Any ideas on how to further determine or isolate the problem would be greatly appreciated. Thanks again everyone.

Dan


----------



## 30yearTech (Sep 14, 2006)

Try priming the engine with some fuel and see if it will start that way. Sounds like it could still be fuel related. Could be bad fuel lines, plugged fuel filter or a bad fuel pump as well as carburetor related. Could also possibly have some moisture in the fuel.


----------



## GoToLeep (Jul 4, 2010)

30yeartech......I am sorry for being ignorant, but what do you mean by "priming the engine". I dried the gas out of the throat o the carb. And when it tried to start it again, there was more gas in the throat of the carb. And how do I check the fuel pump? Will do more after church tonight. Thanks again.


----------



## 30yearTech (Sep 14, 2006)

Priming, just means pouring a little fuel down the throat of the carburetor to see if the engine will fire off and start. This tells us that it's a fuel delivery problem if the engine starts and burns off the prime and then dies.
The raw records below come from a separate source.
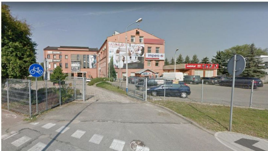
• Radom, ul. Dębowa 4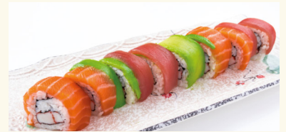
9 Rainbow Roll 12,90 € Surimi, Lachs, Thunfisch und Avocado C,D,E,N,O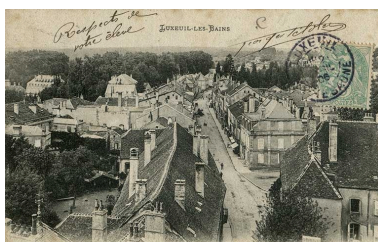
Rue Carnot, vue en direction du nord. IVR43_20217000093NUC4A

If you have gas pudding in the throat of the carburetor, then the carburetor may be flooding or getting too much fuel. You can try pinching off the fuel line and drying up the excess fuel and then see if it will start. 
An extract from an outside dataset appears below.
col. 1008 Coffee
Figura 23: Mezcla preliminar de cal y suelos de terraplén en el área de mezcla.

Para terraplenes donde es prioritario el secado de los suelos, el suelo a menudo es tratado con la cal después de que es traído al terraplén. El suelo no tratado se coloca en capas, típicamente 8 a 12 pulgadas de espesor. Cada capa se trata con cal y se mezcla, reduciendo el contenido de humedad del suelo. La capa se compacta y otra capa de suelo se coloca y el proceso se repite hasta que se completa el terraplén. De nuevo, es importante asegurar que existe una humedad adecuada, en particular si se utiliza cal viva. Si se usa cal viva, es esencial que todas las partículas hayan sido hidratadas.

In either case too much fuel or not enough, indicates a carburetor issue.


----------



## GoToLeep (Jul 4, 2010)

I will try that this evening and let you know. Thanks.


----------



## GoToLeep (Jul 4, 2010)

ok.....got it to start, but now I have gas shooting out of the muffler. What's next?


----------



## 30yearTech (Sep 14, 2006)

GoToLeep said:


> ok.....got it to start, but now I have gas shooting out of the muffler. What's next?
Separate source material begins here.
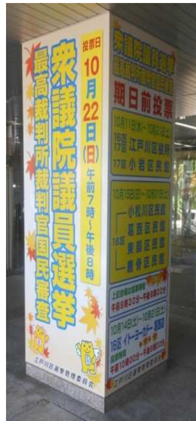
柱巻きサイン (江戸川区役所)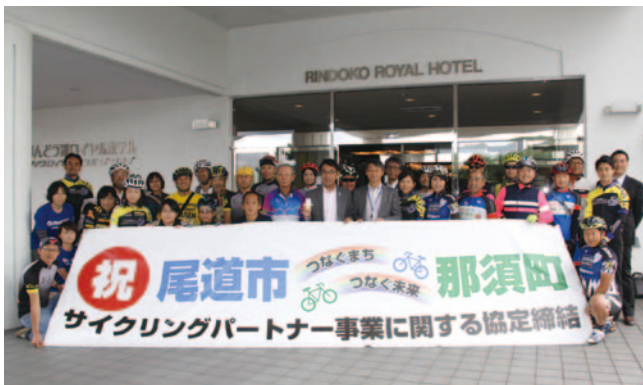
△尾道市とのサイクリング協定

那須町のサイクリングスポーツ事業は、平成23年7月に第1回那須高原ロングライドが開催されたことが始まりです。このロングライドは、東日本大震災の風評被害により離れた観光客を呼び戻そうと、数人のサイクリストが発起人となり始まりました。自粛ムードがある中「那須から元氣」を発信しようという開催にこぎつけ、第1回大会は800名の参加者でしたが、第7回目を迎えた今年度は、700名となり、一番人気のコースは募集から1時間もか

If you have fuel coming out of the muffler, then it's a good possibility that the carburetor is flooding. This could be due to old gas build up, dirt, bad float, plugged fuel bowl vent or a bad inlet needle and seat. 

The carburetor needs to come of and torn down, cleaned and very possibly a kit installed to correct the flooding issue. Pay special attention to the float and make sure it is still good and not filling with fuel.


----------



## GoToLeep (Jul 4, 2010)

Thanks...The carb is broken down and in a carb cleaner soak overnight. Float didn't have fuel in it. Bought 2 new gaskets, need to get the bowl o-ring and 2 more gaskets, clean it up, reassemble, cross fingers and fire it up tomorrow. Also took out the fuel tank and flushed best i could. Anything else I should think about?? Thanks again.


----------



## phillipmc (Jan 27, 2008)

I would probably replace the fuel filter while I was at it. It is a cheap part and could save you a bit of head ache.


----------



## GoToLeep (Jul 4, 2010)

Sorry I haven't posted till now......but I have been busy today mowing a couple of yards. :thumbsup: This morning I finished the rebuild and it did the trick. I flushed the fuel tank and replaced the rubber gas lines from the tank all the way to the carb. Also changed all clamps to the screw type. And I changed the oil in case some of the gas got into the crankcase (thought I could smell gas in the oil, maybe just my imagination, but just trying to be safe). Put on new fuel filter as well. And just in case, blew out the vent hole in the tank cap. Thanks to all. Great forum!!! 

Dan


----------